▸ **EXERCISE PROMPT**:
Reproduce each entry exactly as it reads. Leave the images out.

(Dataset records)
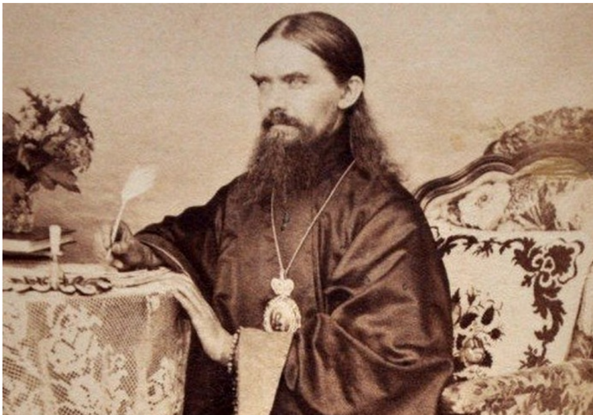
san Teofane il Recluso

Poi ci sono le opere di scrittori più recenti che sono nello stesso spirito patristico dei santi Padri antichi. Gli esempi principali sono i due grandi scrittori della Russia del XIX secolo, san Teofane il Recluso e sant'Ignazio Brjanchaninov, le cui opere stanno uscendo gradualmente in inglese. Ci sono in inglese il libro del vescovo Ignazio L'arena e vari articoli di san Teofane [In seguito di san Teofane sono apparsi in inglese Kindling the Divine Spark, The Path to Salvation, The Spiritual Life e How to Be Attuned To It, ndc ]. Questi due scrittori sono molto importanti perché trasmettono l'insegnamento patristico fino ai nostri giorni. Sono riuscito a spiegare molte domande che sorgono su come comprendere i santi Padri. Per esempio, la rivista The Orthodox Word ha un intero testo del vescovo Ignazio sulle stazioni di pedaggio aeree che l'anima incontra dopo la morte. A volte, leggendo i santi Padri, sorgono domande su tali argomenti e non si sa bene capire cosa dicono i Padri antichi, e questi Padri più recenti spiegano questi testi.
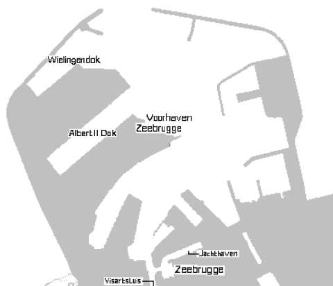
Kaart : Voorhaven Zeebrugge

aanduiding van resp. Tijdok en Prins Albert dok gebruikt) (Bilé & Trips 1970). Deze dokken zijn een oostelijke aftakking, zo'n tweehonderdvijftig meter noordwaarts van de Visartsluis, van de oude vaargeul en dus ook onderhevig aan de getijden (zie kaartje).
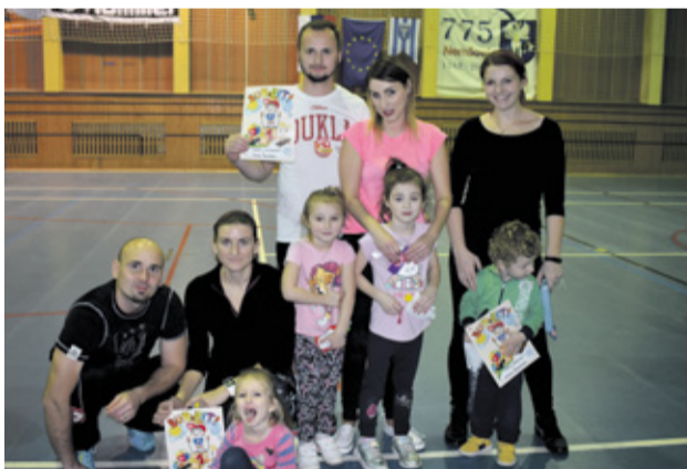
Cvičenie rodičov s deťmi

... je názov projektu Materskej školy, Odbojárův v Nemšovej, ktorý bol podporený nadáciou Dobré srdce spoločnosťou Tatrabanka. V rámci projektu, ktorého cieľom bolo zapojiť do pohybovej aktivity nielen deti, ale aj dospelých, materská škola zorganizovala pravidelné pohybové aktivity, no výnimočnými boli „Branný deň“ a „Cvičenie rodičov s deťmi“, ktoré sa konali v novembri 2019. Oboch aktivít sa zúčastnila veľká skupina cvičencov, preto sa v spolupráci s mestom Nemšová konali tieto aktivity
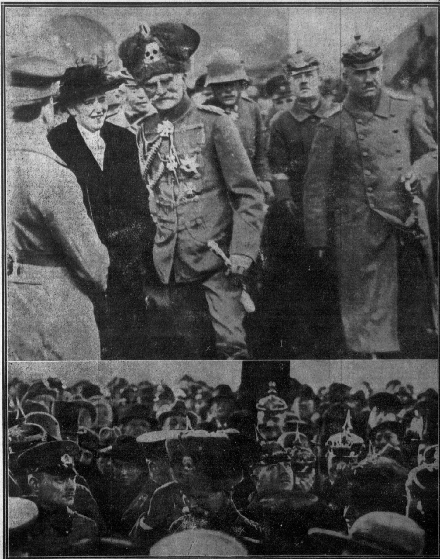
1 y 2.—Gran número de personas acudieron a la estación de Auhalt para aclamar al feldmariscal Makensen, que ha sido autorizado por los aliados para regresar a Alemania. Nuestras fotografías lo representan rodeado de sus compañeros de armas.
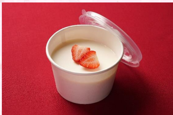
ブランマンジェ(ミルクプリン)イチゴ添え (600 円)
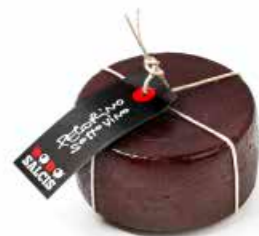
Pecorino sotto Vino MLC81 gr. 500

▸ **WRITTEN RESPONSE**:
san Teofane il Recluso

Poi ci sono le opere di scrittori più recenti che sono nello stesso spirito patristico dei santi Padri antichi. Gli esempi principali sono i due grandi scrittori della Russia del XIX secolo, san Teofane il Recluso e sant'Ignazio Brjanchaninov, le cui opere stanno uscendo gradualmente in inglese. Ci sono in inglese il libro del vescovo Ignazio L'arena e vari articoli di san Teofane [In seguito di san Teofane sono apparsi in inglese Kindling the Divine Spark, The Path to Salvation, The Spiritual Life e How to Be Attuned To It, ndc ]. Questi due scrittori sono molto importanti perché trasmettono l'insegnamento patristico fino ai nostri giorni. Sono riuscito a spiegare molte domande che sorgono su come comprendere i santi Padri. Per esempio, la rivista The Orthodox Word ha un intero testo del vescovo Ignazio sulle stazioni di pedaggio aeree che l'anima incontra dopo la morte. A volte, leggendo i santi Padri, sorgono domande su tali argomenti e non si sa bene capire cosa dicono i Padri antichi, e questi Padri più recenti spiegano questi testi.
Kaart : Voorhaven Zeebrugge

aanduiding van resp. Tijdok en Prins Albert dok gebruikt) (Bilé & Trips 1970). Deze dokken zijn een oostelijke aftakking, zo'n tweehonderdvijftig meter noordwaarts van de Visartsluis, van de oude vaargeul en dus ook onderhevig aan de getijden (zie kaartje).
Cvičenie rodičov s deťmi

... je názov projektu Materskej školy, Odbojárův v Nemšovej, ktorý bol podporený nadáciou Dobré srdce spoločnosťou Tatrabanka. V rámci projektu, ktorého cieľom bolo zapojiť do pohybovej aktivity nielen deti, ale aj dospelých, materská škola zorganizovala pravidelné pohybové aktivity, no výnimočnými boli „Branný deň“ a „Cvičenie rodičov s deťmi“, ktoré sa konali v novembri 2019. Oboch aktivít sa zúčastnila veľká skupina cvičencov, preto sa v spolupráci s mestom Nemšová konali tieto aktivity
1 y 2.—Gran número de personas acudieron a la estación de Auhalt para aclamar al feldmariscal Makensen, que ha sido autorizado por los aliados para regresar a Alemania. Nuestras fotografías lo representan rodeado de sus compañeros de armas.
ブランマンジェ(ミルクプリン)イチゴ添え (600 円)
Pecorino sotto Vino MLC81 gr. 500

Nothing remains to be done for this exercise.